Unsubscribe! Resi brokerages sued over text message spam

Agents with Coldwell Banker and Marzucco Real Estate sent "thousands” of texts about their listings, suits allege

Apr.April 04, 2019 09:45 AM

Agents sent “thousands” of texts about their listings, suit claims (Credit: iStock)

Two South Florida brokerages face lawsuits alleging that their agents abused an automated texting service to market properties.

Steven Grossberg filed suit last month in West Palm Beach District Court against Coldwell Banker, alleging that he received a flood of unwanted text messages advertising the company’s listings.

The same day, Christian Larosa filed suit against Naples-based Marzucco Real Estate over similar claims.

The suits are seeking class action status.

Grossberg and Larosa are represented by the same lawyer, Michael Eisenband, who did not respond to requests for comment. Coldwell Banker also did not respond to requests for comment and Marzucco Real Estate declined to comment.

The plaintiffs in both suits claim that they were the victims of a platform called an “automated telephone dialing system” that sent “thousands” of text messages to them and others, channeled through a changing list of numbers that seem local.

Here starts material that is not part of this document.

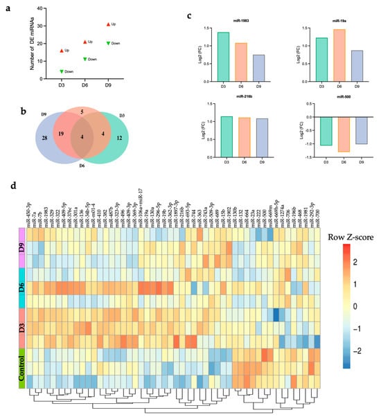 (a) Number of DE miRNAs at each time point, (b) Venn diagram, (c) common differentially expressed miRNAs, (d) heatmap showing hierarchical clustering of the top 50 DEGs at day 3, 6, and 9 post-infection for individual samples. Z-score normalization (row scaling) was applied to standardize the gene expression across samples. Each row represents an individual sample.
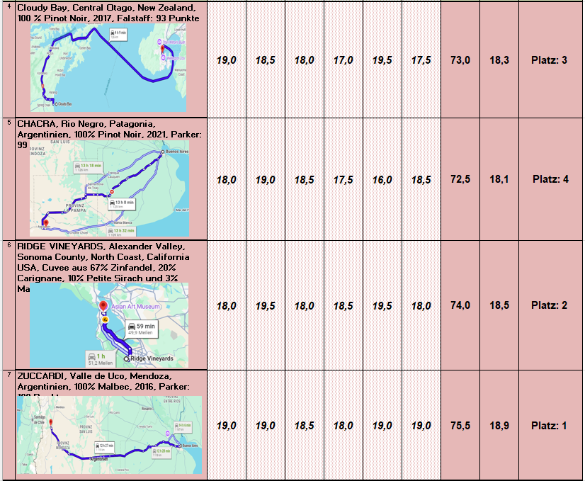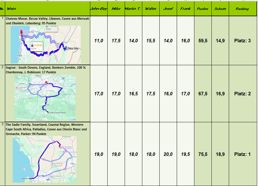 Hier noch das Ranking der Weine:

The technology, the suits say, violates the Telephone Consumer Protection Act, a federal law that controls how businesses market their products to consumers over the phone.

In Marzucco’s case, an agent allegedly sent Larosa text messages asking for his email address and offering to “get your home sold within 60 days!” The messages linked back to the agent’s Zillow profile.

Coldwell Banker faces similar accusations. Rather than canvassing for sellers, the agent in that case allegedly sent Grossberg messages advertising an “OPEN HOUSE” at a specific property. Those messages linked to a website the agent had made through a lead-generation company named Listings-to-Leads.

Scott Pierce, the founder of Listings-to-Leads, confirmed that the agent was a client of his, but denied that he had sold the technology to spam Grossberg’s phone. He said that agents who use multiple tools might run into legal trouble if they aren’t familiar with the law.

“A typical real estate agent will have five, six, seven programs,” Pierce said, adding that the agent “probably never took the time to see what the law is.”

Regulators are clamping down on so-called “robocalls,” which afflict consumers across many industries. Last year, the Federal Communications Commission slapped a $120 million fine on a Florida scammer who made nearly 100 million calls, claiming association with brands like Expedia.

But few cases have involved real estate—an industry where sales agents are increasingly turning to online services as a way to close deals.

“Just because they offer it doesn’t mean you can abuse it,” Pierce said, referring to companies that offer shady services. “It’s like eating candy and wondering why you’re getting fat. You can’t take technology and abuse it and wonder why you’re getting sued.”